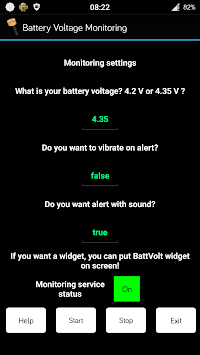 have a 4.35V battery. This application monitors two kind of batteries: 4.2V and 4.35V. Default setting is for 4.2V. To modify the settings you need to write 4.2 or 4.35, respectively, false or true. For the health of battery, the monitorisation process alerts you before of full charging and full discharging of battery because overcharging and overdischarging deteriorates the battery. Also charging below the maximum gives health to battery. The monitorisation service starts when you open this application for the first time and also starts at boot. If you want a widget that shows battery voltage, you must go to homescreen and add the BatVolt widget, but the monitorisation service works with or without the widget. The monitorisation service start at boot but if you want for some reason to disable temporary (until reboot or until restart this application) the monitorisation service, you can make it. You must know that the widget you can put optional on the screen is based on the service. So, temporarily disabling the service affects widget functionality. Also you can start again the service. If you like this application, please gives a rate on play store. If, for some reason, a notification appears in notification bar, after a phone reboot, for example, and won't disappear, you need to run the application, eventually stop and restart the service and exit.
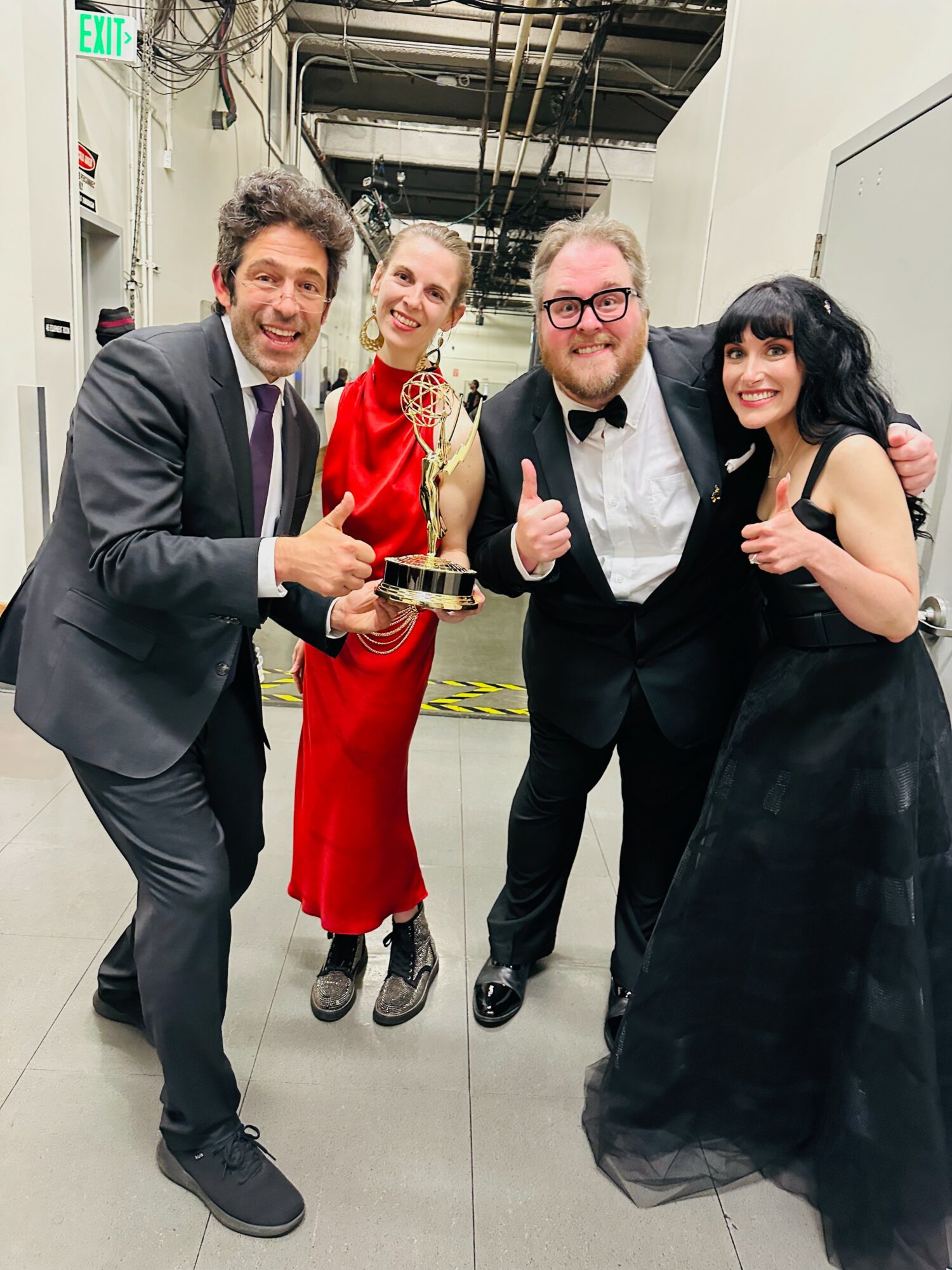 My second red dress moment came a decade later at the 2025 Emmys, as an Animatic Editor on Storybots for Netflix, this time with a tiny Storybot character (Boop!) pinned to the fabric, standing alongside my team as we graciously accepted our award.
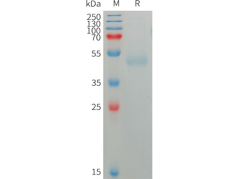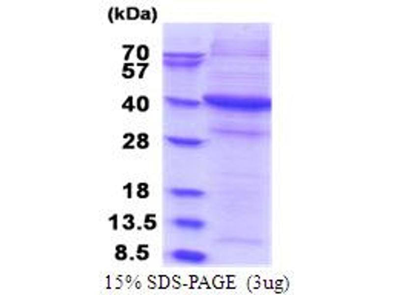 The purity of the protein is greater than 85 % as determined by SDS-PAGE and Coomassie blue staining.

◆ Task brief: In the copy you return, include exactly the lines from the one containing "My second red" through the final line of the listing, and no pictures.

◆ Your response:
 My second red dress moment came a decade later at the 2025 Emmys, as an Animatic Editor on Storybots for Netflix, this time with a tiny Storybot character (Boop!) pinned to the fabric, standing alongside my team as we graciously accepted our award.
 The purity of the protein is greater than 85 % as determined by SDS-PAGE and Coomassie blue staining.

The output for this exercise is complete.